_Description of the task_
Make an exact copy of the whole listing, but leave its pictures out.

_Material provided_
* * * * * * *

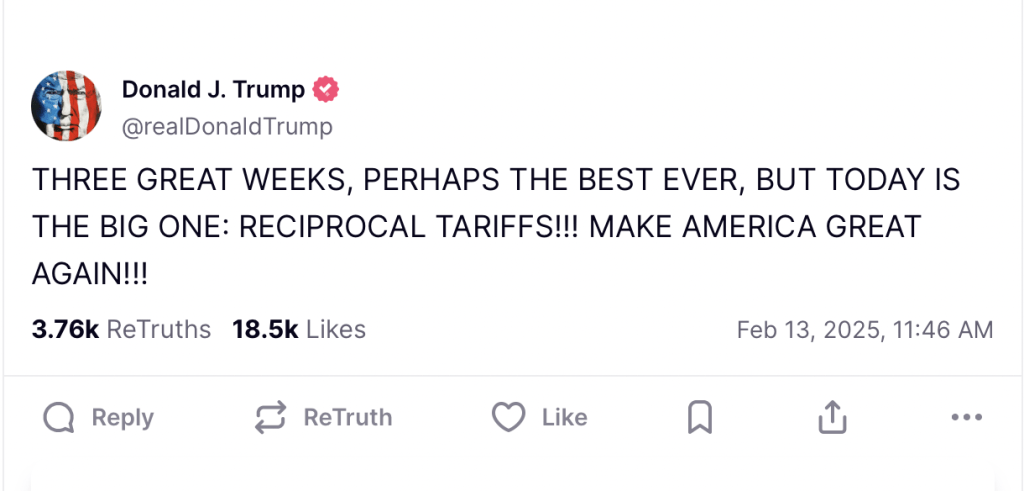 ▲特朗普在旗下社交平臺真相社交以全部大寫字母發文說:“偉大的過去3星期,或許是有史以來最棒的,不過今天才是重頭戲:對等關稅!!讓美國再次偉大!!”
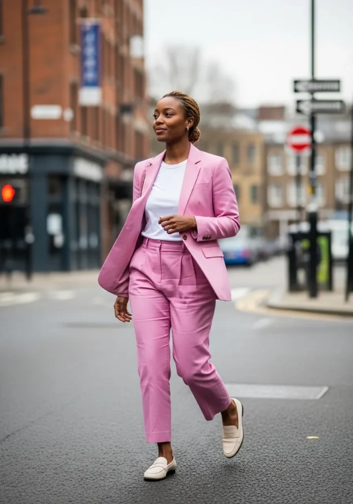 I love suits like this because they feel powerful but still fun. The pink makes it less serious and more approachable. It feels like the perfect balance between dressed up and easygoing.
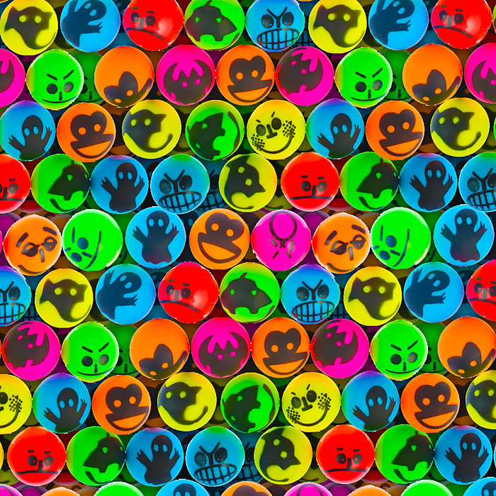 Набор содержит разноцветные мячи для автоматов с изображением смайликов.
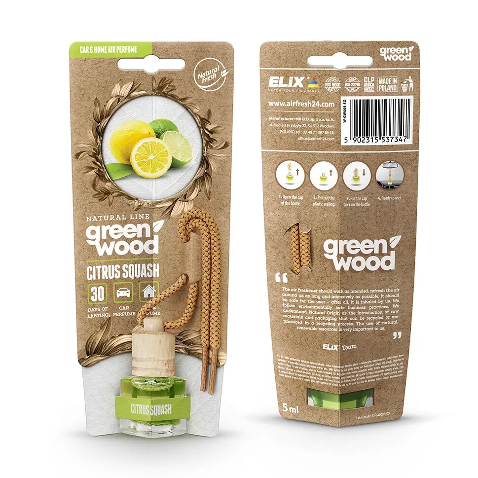 GREEN WOOD - Osvěžovač vzduchu s dřevěným víčkem Citrus Squash
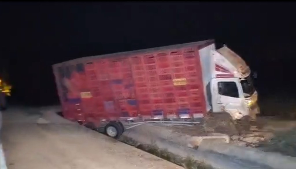 Un camión que transportaba javas de pollo se despistó la noche del domingo y terminó incrustado en un canal de regadío a la altura del kilómetro 5 de la carretera Alberto Fujimori, en Huaral, cerca de la zona de Alvanor.
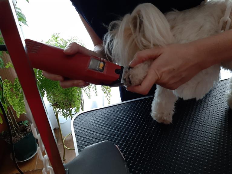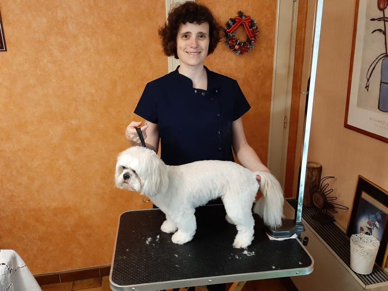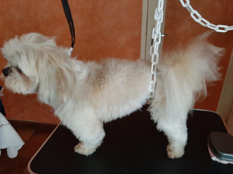 La maîtresse a opté pour une coupe mouton, c'est-à-dire une tonte du corps (pas trop courte) et un rafraichissement des pattes aux ciseaux.
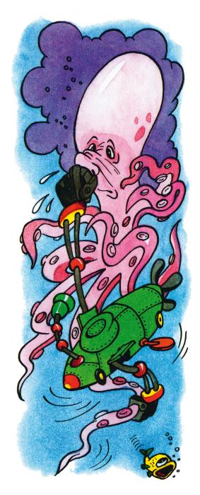 Но Самоделкин предвидел любую опасность и был готов к самым разным неожиданностям. Он нажал на рычаг, и тут же из специальных отверстий лодки выскочили две железные руки, которые начали борьбу с морским чудищем.

* * * * * * *

_Completed task_
 ▲特朗普在旗下社交平臺真相社交以全部大寫字母發文說:“偉大的過去3星期,或許是有史以來最棒的,不過今天才是重頭戲:對等關稅!!讓美國再次偉大!!”
 I love suits like this because they feel powerful but still fun. The pink makes it less serious and more approachable. It feels like the perfect balance between dressed up and easygoing.
 Набор содержит разноцветные мячи для автоматов с изображением смайликов.
 GREEN WOOD - Osvěžovač vzduchu s dřevěným víčkem Citrus Squash
 Un camión que transportaba javas de pollo se despistó la noche del domingo y terminó incrustado en un canal de regadío a la altura del kilómetro 5 de la carretera Alberto Fujimori, en Huaral, cerca de la zona de Alvanor.
 La maîtresse a opté pour une coupe mouton, c'est-à-dire une tonte du corps (pas trop courte) et un rafraichissement des pattes aux ciseaux.
 Но Самоделкин предвидел любую опасность и был готов к самым разным неожиданностям. Он нажал на рычаг, и тут же из специальных отверстий лодки выскочили две железные руки, которые начали борьбу с морским чудищем.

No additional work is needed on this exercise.